Ligocki, stopped at a roadside checkpoint Feb. 10, 2015, was cited for driving on a suspended license. She pleaded guilty the following July and was fined $313.02. Sentinel charged her a $44-a-month supervision fee and another extra $15 each time they made her take an unnecessary urine test.
In March 2014, Luse pleaded guilty to driving without a license, was fined $775.75 and put on probation until she could pay. Like Ligocki, Luse gave Sentinel paid extra fees for supervision and drug testing, even though the White County Probate Court judge did not order it.
The two women said in their complaint that in addition to the extra financial burden, they were humiliated. They said they were forced to give urine samples while someone watched and sometimes in a room with the door open.
If they didn’t give the sample and pay for it, the Sentinel probation officer told them, they would be jailed, according to the complaint.
After six months, Ligocki had paid $131 toward her fine and $305 to Sentinel for supervision and drug testing fees.
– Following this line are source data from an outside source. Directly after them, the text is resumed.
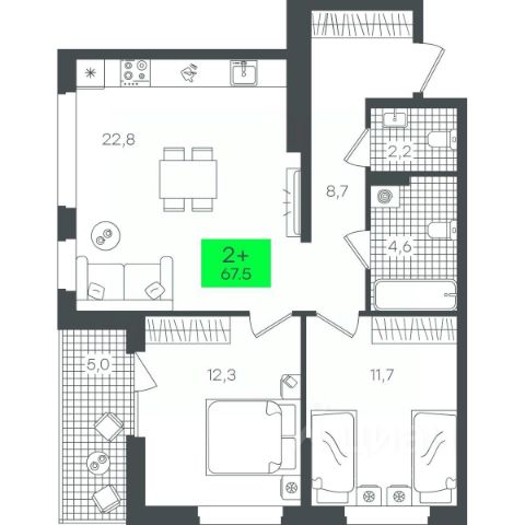 Квартира в счёт первоначального взноса по программе обмена. Квартира с кухней-гостиной и двумя спальнями в Октябрьском на Туре. Особенности планировки: гардеробная, лоджия, мастер-спальня, предчистовая отделка. квартиры в нашей базе: ОКТ09-Ж1.8.8. Район Проект расположен на берегу реки, в одном из самых живописных и экологичных районов Тюмени. За последние годы облик района изменился. По соседству с индивидуальной застройкой выросли многоквартирные дома. При проектировании "Октябрьского на Туре" нашей приоритетной задачей стало сохранение природного ландшафта: мы постарались деликатно вписать в него современную архитектуру. Квартал удачно расположен с точки зрения дорожной инфраструктуры. На автомобиле путь до центра города составит 15 минут. Добраться до набережной и главных тюменских достопримечательностей можно и на общественном транспорте. В пешей доступности находится автобусная остановка. Проект По мастер-плану здесь будет восемь домов. Ядро застройки составляют замкнутые кварталы переменной этажности. Их высотность понижается по мере приближения к реке. На углах участка мы разместили башни-доминанты. Одной из достопримечательностей квартала станет парк на Туре — здесь появится зеленая зона протяженностью около 6 километров для пеших и велопрогулок. Смысловая ось квартала — широкая главная улица с высаженными вдоль неё высокими деревьями. Они создают тень и работают как шумо- и пылезащитные экраны. Это место сосредоточения основных пешеходных и транспортных потоков, на сторону которых мы ориентировали большинство коммерческих помещений. Отсюда жители могут свернуть на тихие соседские улицы и попасть на внутриквартальную площадь — ещё одну точку притяжения.Квартира в счёт первоначального взноса по программе обмена. #2Ss51I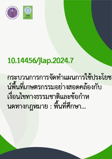 กระบวนการการจัดทำแผนการใช้ประโยชน์พื้นที่เกษตรกรรมอย่างสอดคล้องกับเงื่อนไขทางธรรมชาติและข้อกำหนดทางกฎหมาย : พื้นที่ศึกษา ตำบลยอด อำเภอสองแคว จังหวัดน่าน |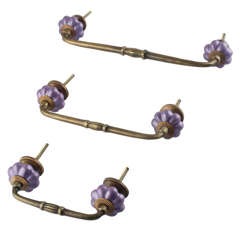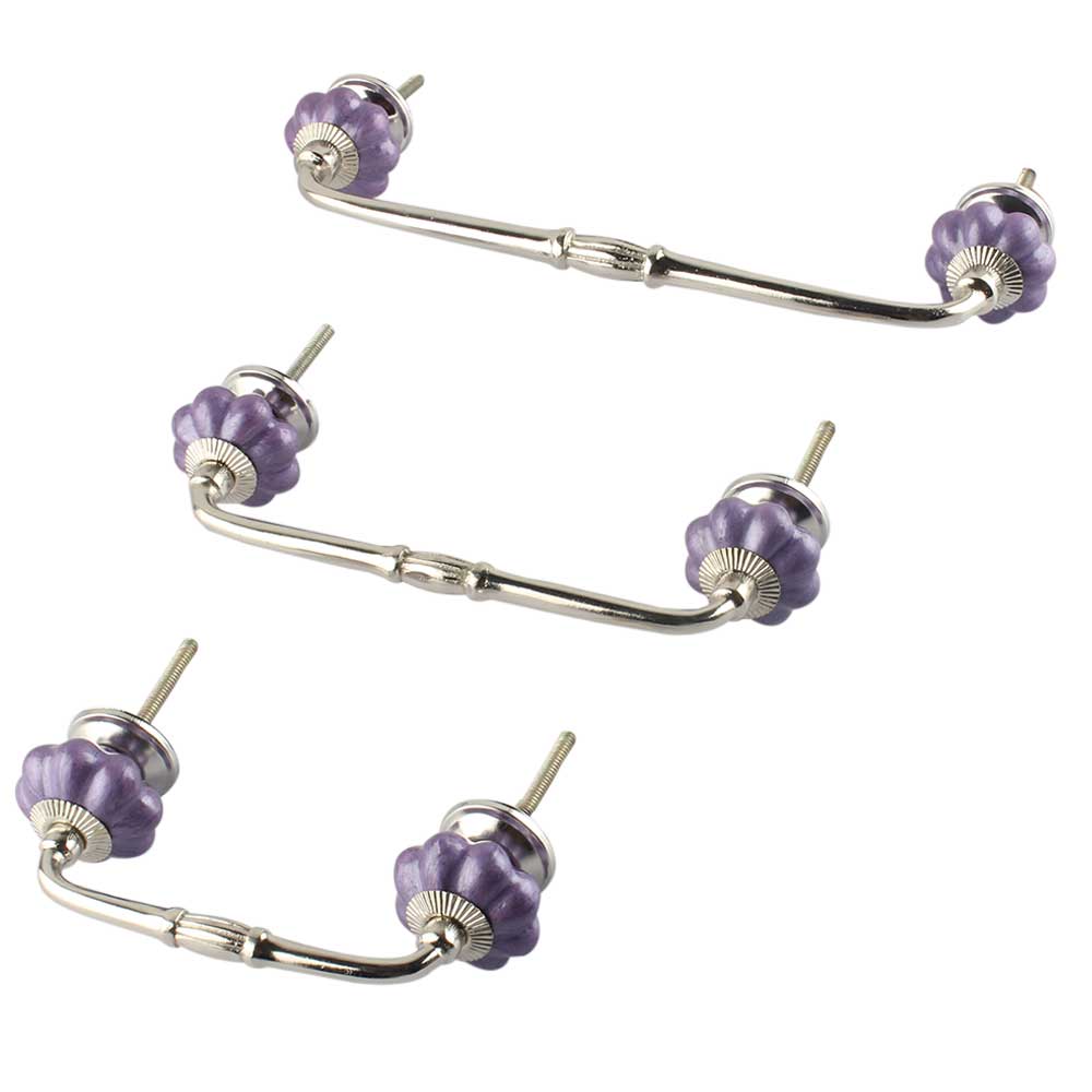 Neon Purple Ceramic Melon Bridge Handle Online. Ideal for Drawer, Dresser, Cabinet, Wardrobe, Cupboard and Almirah etc.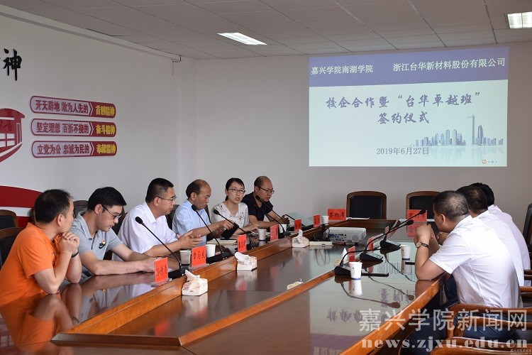 6月27日下午,南湖学院和浙江台华新材料股份有限公司合作开办的“台华卓越班”签约仪式在科工楼508会议室举行。学院院长袁志明、副院长仇恒喜、学工中心主任章马良和化纺系副主任孙诗清及相关专业负责人,浙江台华新材料有限公司人力总监左飞、人力资源经理贾方全等参加签约仪式。仪式由化纺系主任杨树主持。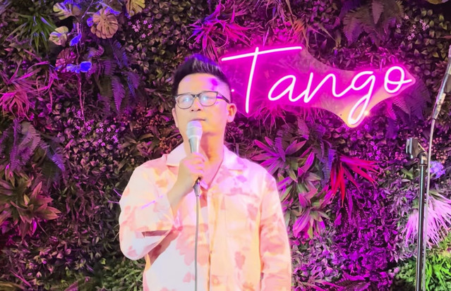 Nói xong, Bằng Kiều lên sân khấu cầm mic hát tặng bạn bè, gia đình. Anh nói: "Đây là show duy nhất tôi vừa hát vừa phải trả tiền, đã lên hát còn trả tiền cho con trai".
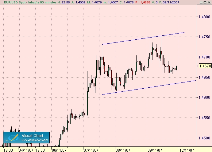 Así que no tengo más remedio que seguir de cerca el horario donde ahora quien manda ( aparte de los chinos) es este canal. Como a la baja no lo ha roto seguimos estando alcistas. Puede dedicarse a recorrerlo de arriba a bajo un par de días y descongestionarse y seguir subiendo o bajar. Si lo rompe arriba con claridad y con una barra grande que cierra por encima de éste ya no se para hasta el 49, así que a ver si sobre la marcha vemos algo más porque de momento, mientras no rompa la zona del 630 no hay forma de ver bajista esto, ni para un par de dias. En fin, que ójala no pase el 90 ni el 1,47... y baje al menos una figurilla más para que no haya sido todo casi en balde.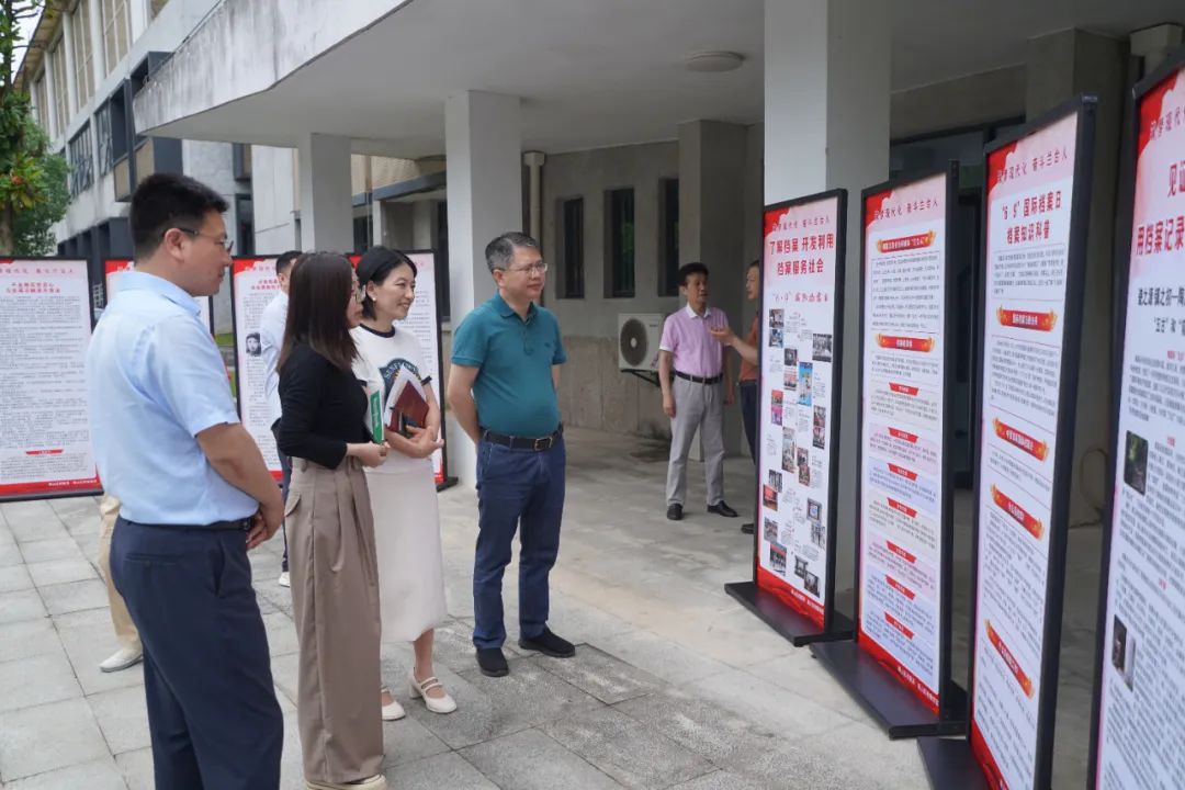 调研组一行观看了“筑梦现代化 奋斗兰台人”主题宣传展,这是珠山区档案馆为开展“6·9国际档案日”准备的系列活动之一,展板以翔实的图片为脉络,从“走进历史,讲好珠山红色故事”“了解档案,开发利用档案服务社会”“见证历史,用档案记录珠山的发展”三个方面,展示了近年来珠山区档案工作取得的成效。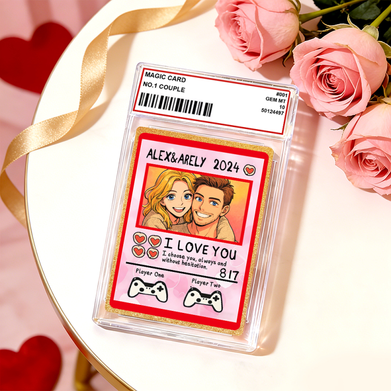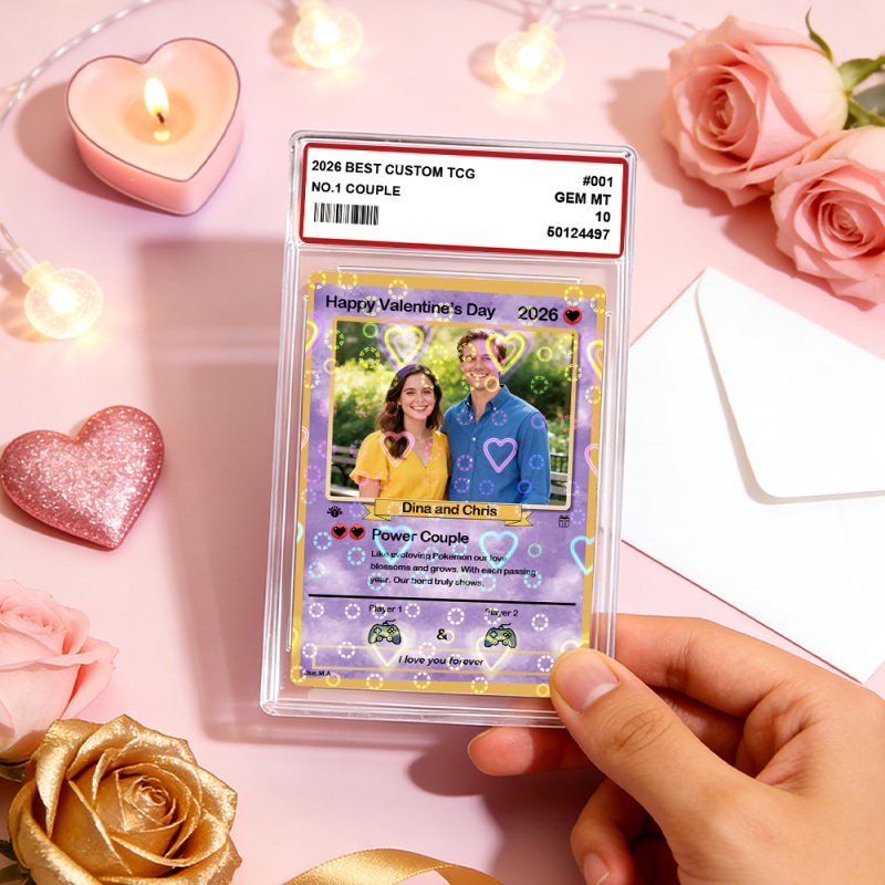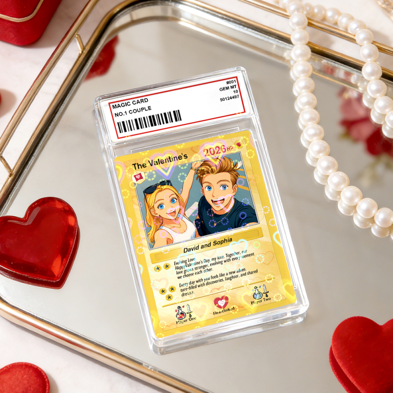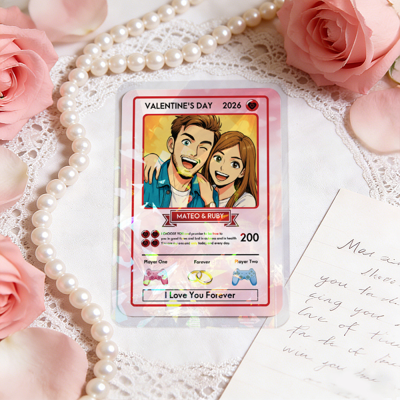 Personalized Valentine’s Day Power Couple Card, Custom Anniversary Card Couple Photo Anime Style, Best Valentine's Day Gift for Lover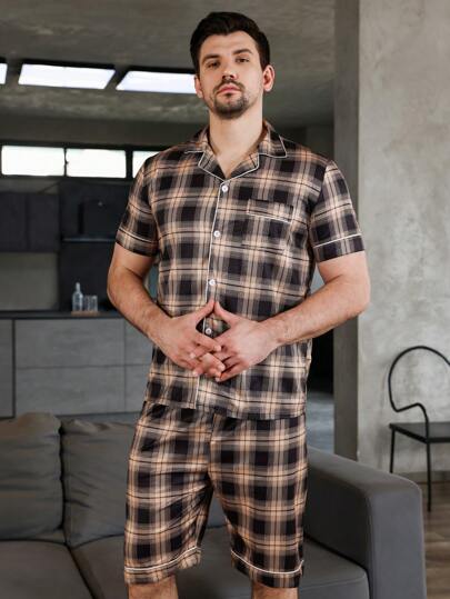 男士格紋印花襯衫和短褲睡衣套裝 - 彩色 - 查看 1

Luse kept up with her payment initially but halfway through her 12 months on probation she said she had no money to pay her supervision fee one month and asked of she could pay in in a “few days” when she got her next paycheck. Sentinel’s probation officer told the grandmother to borrow the $140 she owed for that month or go to jail, according to the complaint.
On Jan. 13, U.S. District Judge Richard Storey “conditionally” signed off on the agreement that Sentinel would pay $80,000 to reimburse Luse, Ligocki and any others who submitted to drug testing that was not court-ordered.
One of the cases paid out already was filed in the Augusta area.
Kathleen Hucks was arrested on Memorial Day in 2013 when a police officer stopped her as she was walking her dog. Though he had questions unrelated to her case, a background check showed an outstanding warrant from a years-old $156 debt to Sentinel. Hucks was held in jail 20 days even though she insisted that she owed nothing and had finished her 24-month probation sentenced for misdemeanor possession of marijuana and traffic offenses three years earlier.
Hucks said she has used what remained of her $150,000 award once her legal expense was paid to pay medical bills and to help her children.
Also, she said, “My house doesn’t look like I live in poverty anymore. I’m happy.”
Private probation in Georgia
Georgia leads the nation in the number of people on probation for felonies and misdemeanors, as well as for traffic offenses and city ordinance violations, according to the Bureau of Justice Statistics. This research includes probationers supervised by a government or a private company.
There were 432,235 people on probation in Georgia, which is 5,570 out of every 100,000 people.
Texas was second with 378,937 people on probation.
Per capita, Rhode Island was second with 2,822 people per 100,000; the total was 23,920.